**TASK:** Each line of the records has to be copied exactly, though the pictures must be left out.

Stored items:
● ● ● ● ●
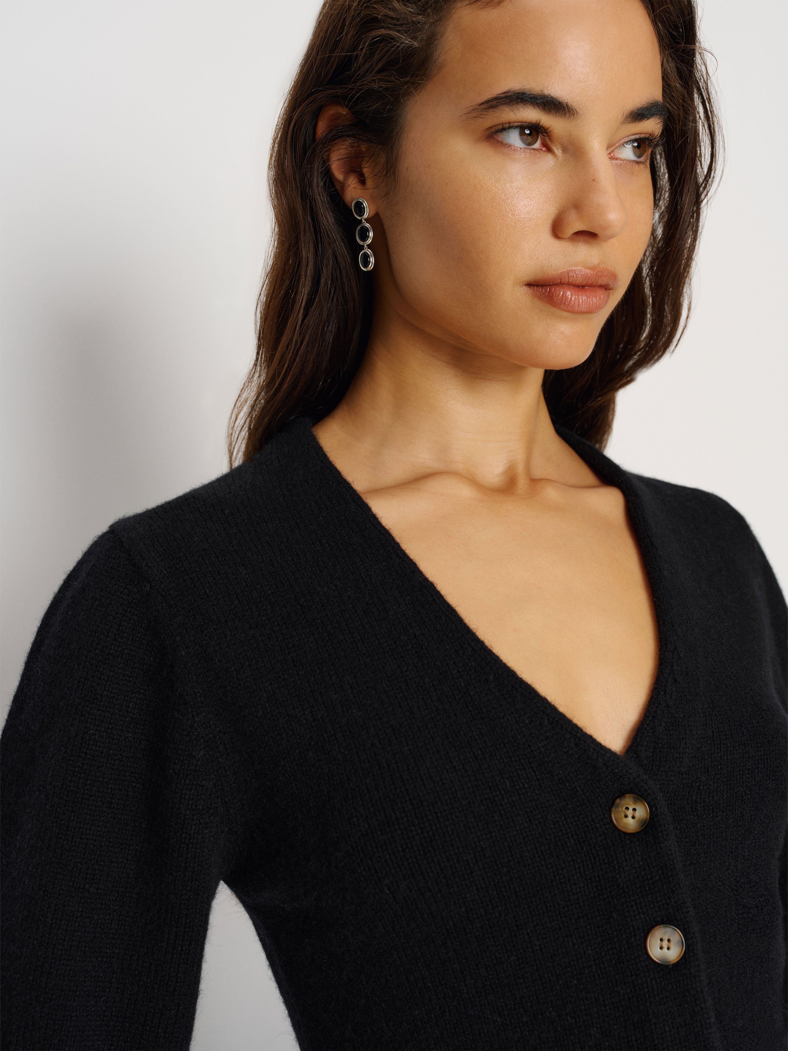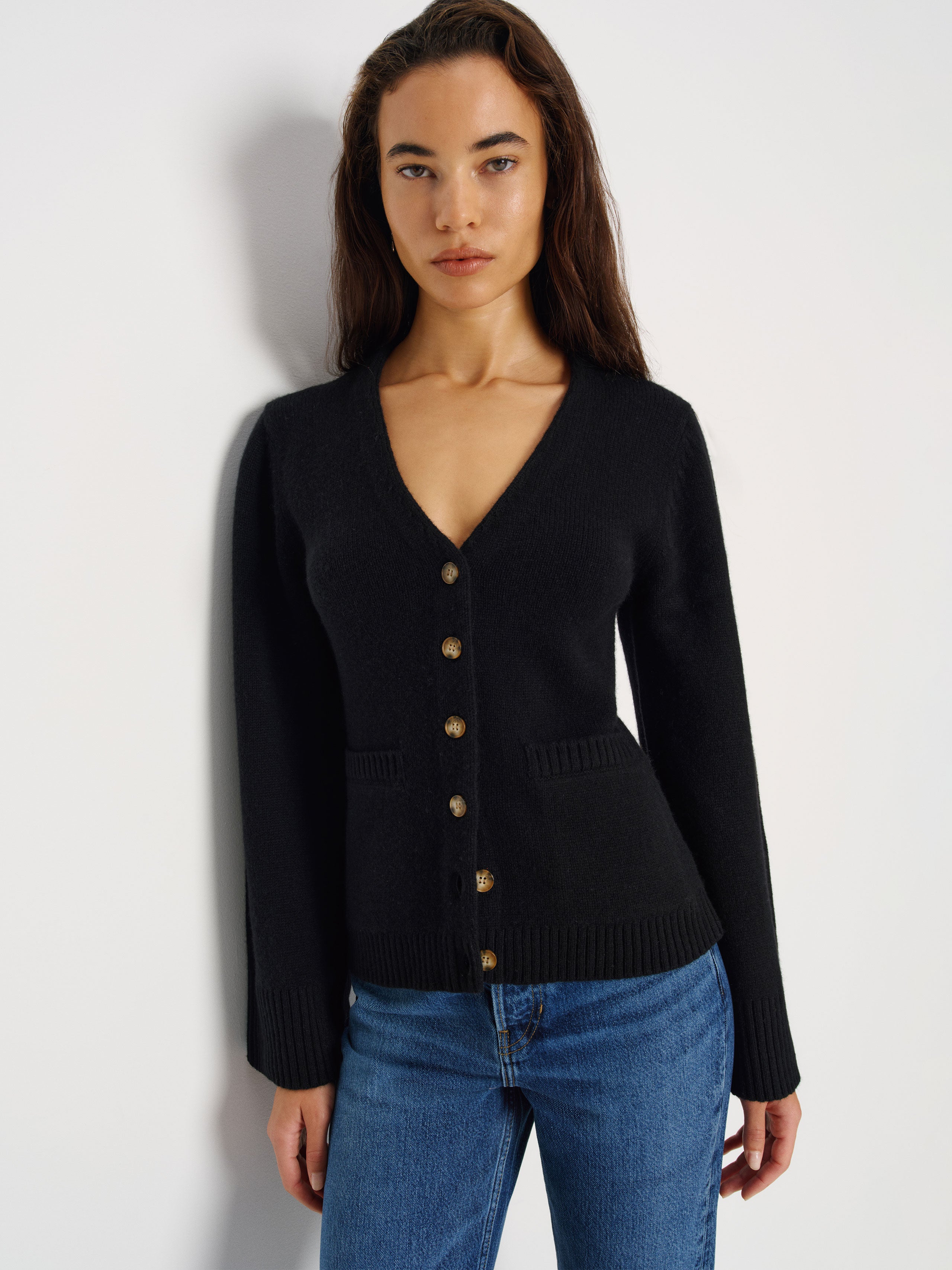Loves a layer. Shop the Holden Regenerative Wool Cardigan from Reformation, a sweater with a button front and a V-neckline. What good outfits are made of.
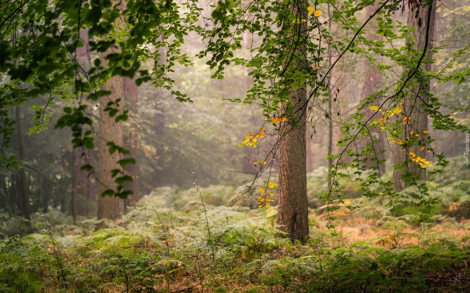Edytor tapety: Gałązki z zielonymi liśćmi na tle lasu
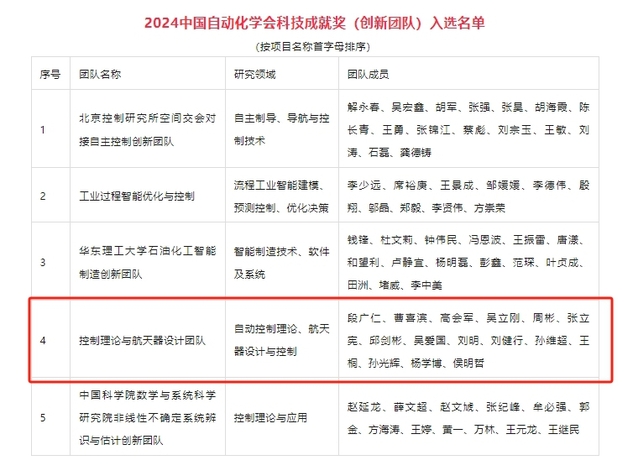 近日,2024中国自动化学会科技成就奖评审结果揭晓。四色av 控制理论与航天器设计团队荣获2024中国自动化学会科技成就奖(创新团队)。此次共评选出科技成就奖(创新团队)5项、科技成就奖(个人)2项。
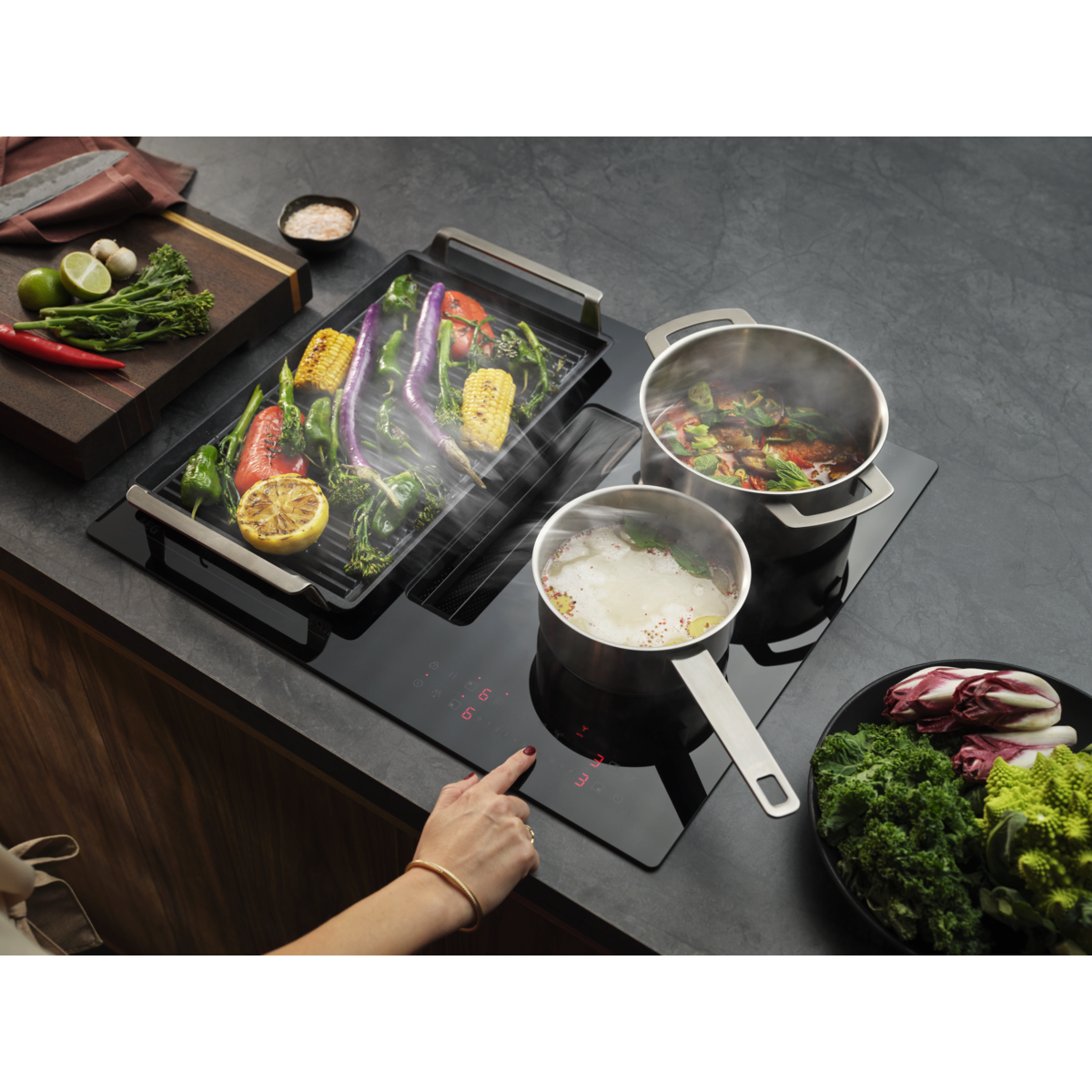 Med Bridge funktionen kan du koppla samman två separata tillagningszoner och skapa en stor, enhetlig tillagningsyta. Det innebär att du får jämn värmefördelning över hela ytan, perfekt för större kastruller eller en plancha-grill.
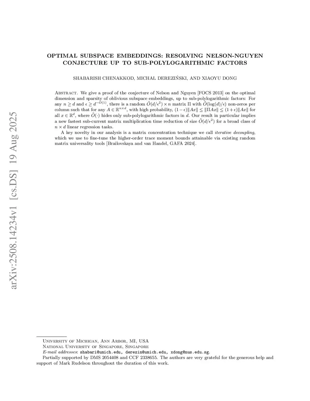 We give a proof of the conjecture of Nelson and Nguyen [FOCS 2013] on the optimal dimension and sparsity of oblivious subspace embeddings, up to sub-polylogarithmic factors: For any and , there is a random matrix with non-zeros per column such that for any , with high probability, for all , where hides only sub-polylogarithmic factors in . Our result in particular implies a new fastest sub-current matrix multiplication time reduction of size for a broad class of linear regression tasks.A key novelty in our analysis is a matrix concentration technique we call iterative decoupling, which we use to fine-tune the higher-order trace moment bounds attainable via existing random matrix universality tools [Brailovskaya and van Handel, GAFA 2024].
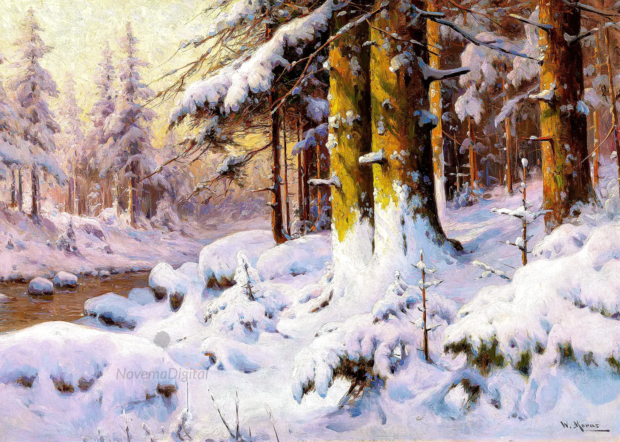 “Walter Moras was a German landscape painter. Best known for his depictions of rural scenes and winter forests, Moras employed a realist technique while simplifying forms and detail so as to soften the overall effect of his images. Born on January 20, 1856 in Berlin, Germany, Moras went on to study with the painter Hermann Eschke, who specialized in landscape and maritime scenes. He primarily made his work in Brandenburg, which is located on the outskirts of Berlin, though he also made several painting trips to the Netherlands and Italy. He started exhibiting when he was 20 years old, and continued to show work throughout his life. Today, Moras’ paintings can be found mostly in collections in Germany, including the Nationalgalerie Berlin, the Kunstforum Ostdeutsche Galerie in Regensburg, and the Kulturhistoriches Museum Magdenburg. He died on March 6, 1925 in Harzburg, Germany.”
● ● ● ● ●
**SOLUTION FOR THIS PROBLEM:**
Loves a layer. Shop the Holden Regenerative Wool Cardigan from Reformation, a sweater with a button front and a V-neckline. What good outfits are made of.
Edytor tapety: Gałązki z zielonymi liśćmi na tle lasu
 近日,2024中国自动化学会科技成就奖评审结果揭晓。四色av 控制理论与航天器设计团队荣获2024中国自动化学会科技成就奖(创新团队)。此次共评选出科技成就奖(创新团队)5项、科技成就奖(个人)2项。
 Med Bridge funktionen kan du koppla samman två separata tillagningszoner och skapa en stor, enhetlig tillagningsyta. Det innebär att du får jämn värmefördelning över hela ytan, perfekt för större kastruller eller en plancha-grill.
 We give a proof of the conjecture of Nelson and Nguyen [FOCS 2013] on the optimal dimension and sparsity of oblivious subspace embeddings, up to sub-polylogarithmic factors: For any and , there is a random matrix with non-zeros per column such that for any , with high probability, for all , where hides only sub-polylogarithmic factors in . Our result in particular implies a new fastest sub-current matrix multiplication time reduction of size for a broad class of linear regression tasks.A key novelty in our analysis is a matrix concentration technique we call iterative decoupling, which we use to fine-tune the higher-order trace moment bounds attainable via existing random matrix universality tools [Brailovskaya and van Handel, GAFA 2024].
 “Walter Moras was a German landscape painter. Best known for his depictions of rural scenes and winter forests, Moras employed a realist technique while simplifying forms and detail so as to soften the overall effect of his images. Born on January 20, 1856 in Berlin, Germany, Moras went on to study with the painter Hermann Eschke, who specialized in landscape and maritime scenes. He primarily made his work in Brandenburg, which is located on the outskirts of Berlin, though he also made several painting trips to the Netherlands and Italy. He started exhibiting when he was 20 years old, and continued to show work throughout his life. Today, Moras’ paintings can be found mostly in collections in Germany, including the Nationalgalerie Berlin, the Kunstforum Ostdeutsche Galerie in Regensburg, and the Kulturhistoriches Museum Magdenburg. He died on March 6, 1925 in Harzburg, Germany.”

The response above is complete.